** Record extracts follows **

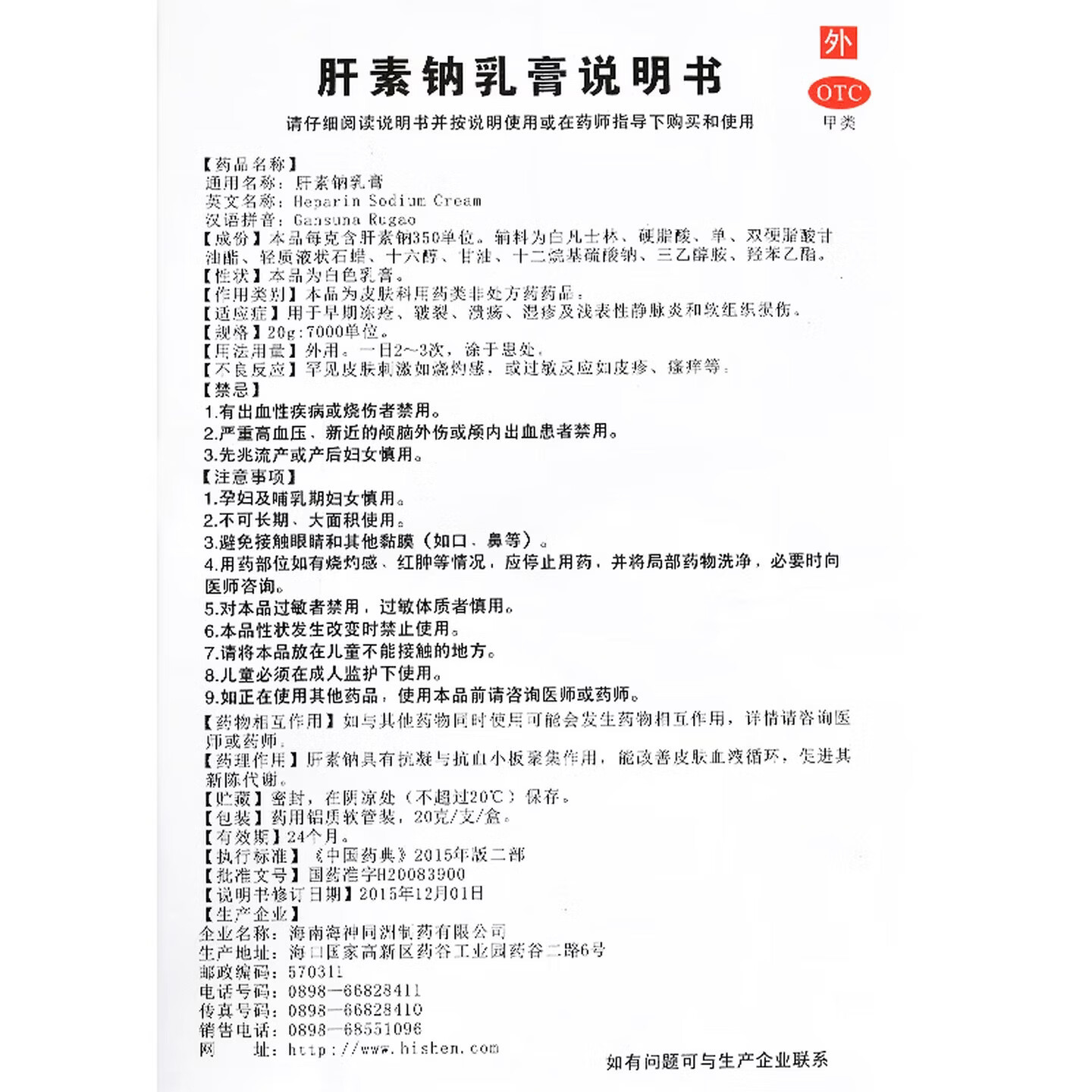 [舍邦]肝素钠乳膏 20g 1盒装 【有效期到26年6月】支用于早期冻疮皲裂溃疡湿疹及浅表性静脉炎和软组织损伤 26年6月过期
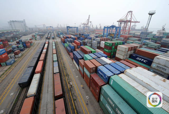 這張2014年6月27日拍攝的照片顯示,在連云港港區(qū)內(nèi)的新亞歐大陸橋鐵路運(yùn)輸專線站場(chǎng),準(zhǔn)備運(yùn)往哈薩克斯坦的過境集裝箱在裝車。(新華社記者孫參攝)
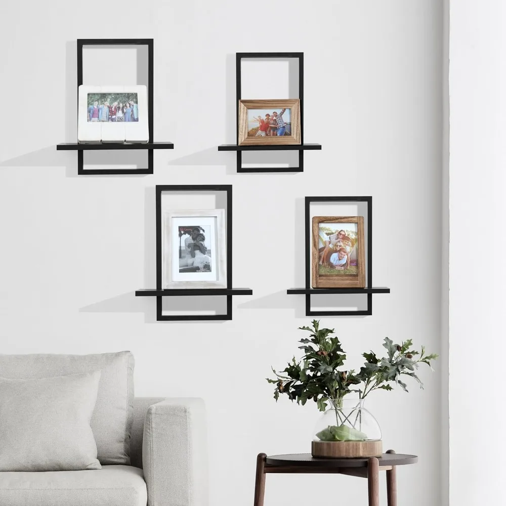- Decorative shelves: This frame shelf is great for displaying your favorite green plants,trophies,vases,decorations,and photos.Whether in the living room,bedroom,study room,these modern wall shelves will make your items more chic and eye-catching
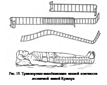 – придать поврежденной конечности среднефизиологическое положение (разогнуть в тазобедренном и коленном суставах, согнуть под углом 90о в голеностопном суставе);
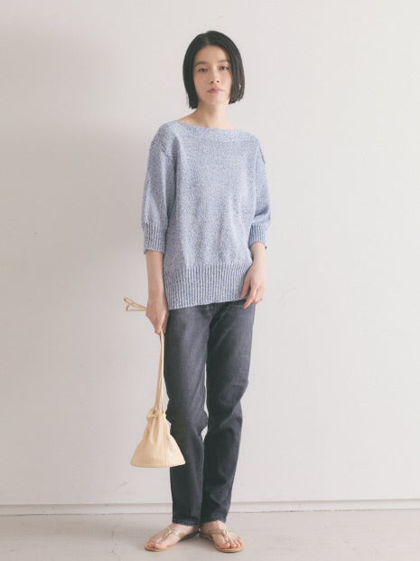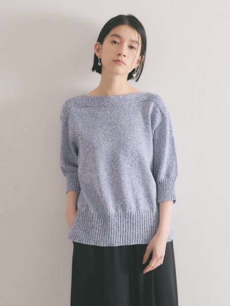 麻のようなドライタッチのコットンで夏まで着られる優秀なニット。
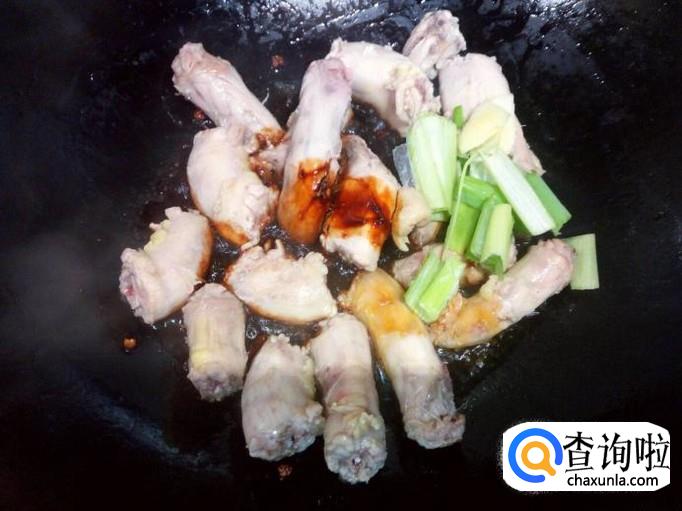 放入葱,姜,料酒,蚝油,酱油,白糖,翻炒一分钟的时间。然后放入水,水没过鸡脖子,放入红干椒,盐,大火烧开,转小火慢炖。

** End of Record extracts **

What is expected
Above are records; write out the lines from the one with "這張2014年6月27日拍攝" down to the one with "麻のようなドライタッチのコットンで夏まで着られる優秀なニット。", exactly, leaving the pictures out.

Answer to this exercise
 這張2014年6月27日拍攝的照片顯示,在連云港港區(qū)內(nèi)的新亞歐大陸橋鐵路運(yùn)輸專線站場(chǎng),準(zhǔn)備運(yùn)往哈薩克斯坦的過境集裝箱在裝車。(新華社記者孫參攝)
- Decorative shelves: This frame shelf is great for displaying your favorite green plants,trophies,vases,decorations,and photos.Whether in the living room,bedroom,study room,these modern wall shelves will make your items more chic and eye-catching
 – придать поврежденной конечности среднефизиологическое положение (разогнуть в тазобедренном и коленном суставах, согнуть под углом 90о в голеностопном суставе);
 麻のようなドライタッチのコットンで夏まで着られる優秀なニット。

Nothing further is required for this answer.